### WHAT IS EXPECTED
Transcribe the data exactly, omitting whatever pictures it holds.

### MATERIAL PROVIDED
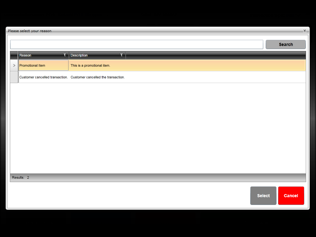 - Select the reason for the transaction and click Select. The reason will be automatically loaded in the Enter your reason window.
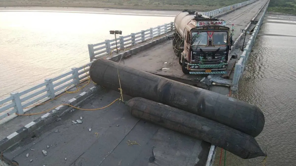 ગત 9 જુલાઈના રોજ પાદરા નજીકના મુંજપુર ખાતે આવેલ ગંભીરા બ્રિજ ધરાશાયી થયા બાદ તૂટેલા પુલ પર જોખમી રીતે લટકી રહેલા ટેન્કરને આખરે મરીન ઈમરજન્સીની ટીમ દ્વારા એરકેપ્સ્યુલના બલુનમાં હવા ભરીને સલામત જગ્યાએ લાવવામાં સફળતા સાંપડી છે. હકીકતમાં પાદરા-આણંદને જોડતા બ્રિજનો એકભાગ અચાનક તૂટી પડતાં ત્યાંથી પસાર થઈ રહેલું ટેન્કર જોખમી રીતે લટકી પડ્યું હતુ.
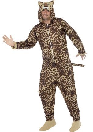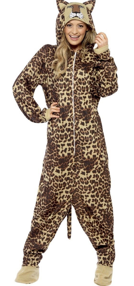 Leopard Costume includes an all in one leopard printed jumpsuit with attached hood.
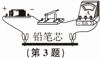 3. (2024秋·金华市期末)如图所示,电源电压保持不变,闭合开关通电一段时间后,发现粗细均匀的铅笔芯温度逐渐升高,电流表示数逐渐增大。本实验影响该铅笔芯电阻大小的主要因素是 (
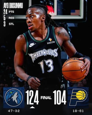 Vittoria importante per i Timberwolves, che toccano anche il +31 sul campo di Indiana guidati dai 24 di Ayo Dosunmu e i 19 a testa di Julius Randle e Bones Hyland. Con questo successo e la contemporanea sconfitta di Phoenix con Houston i T’Wolves si assicurano uno dei primi sei posti nella Western Conference. Sono invece 22 le sconfitte nelle ultime 26 partite dei Pacers, che non vanno oltre i 17 di Ethan Thompson

### TASK OUTPUT
 - Select the reason for the transaction and click Select. The reason will be automatically loaded in the Enter your reason window.
 ગત 9 જુલાઈના રોજ પાદરા નજીકના મુંજપુર ખાતે આવેલ ગંભીરા બ્રિજ ધરાશાયી થયા બાદ તૂટેલા પુલ પર જોખમી રીતે લટકી રહેલા ટેન્કરને આખરે મરીન ઈમરજન્સીની ટીમ દ્વારા એરકેપ્સ્યુલના બલુનમાં હવા ભરીને સલામત જગ્યાએ લાવવામાં સફળતા સાંપડી છે. હકીકતમાં પાદરા-આણંદને જોડતા બ્રિજનો એકભાગ અચાનક તૂટી પડતાં ત્યાંથી પસાર થઈ રહેલું ટેન્કર જોખમી રીતે લટકી પડ્યું હતુ.
 Leopard Costume includes an all in one leopard printed jumpsuit with attached hood.
 3. (2024秋·金华市期末)如图所示,电源电压保持不变,闭合开关通电一段时间后,发现粗细均匀的铅笔芯温度逐渐升高,电流表示数逐渐增大。本实验影响该铅笔芯电阻大小的主要因素是 (
 Vittoria importante per i Timberwolves, che toccano anche il +31 sul campo di Indiana guidati dai 24 di Ayo Dosunmu e i 19 a testa di Julius Randle e Bones Hyland. Con questo successo e la contemporanea sconfitta di Phoenix con Houston i T’Wolves si assicurano uno dei primi sei posti nella Western Conference. Sono invece 22 le sconfitte nelle ultime 26 partite dei Pacers, che non vanno oltre i 17 di Ethan Thompson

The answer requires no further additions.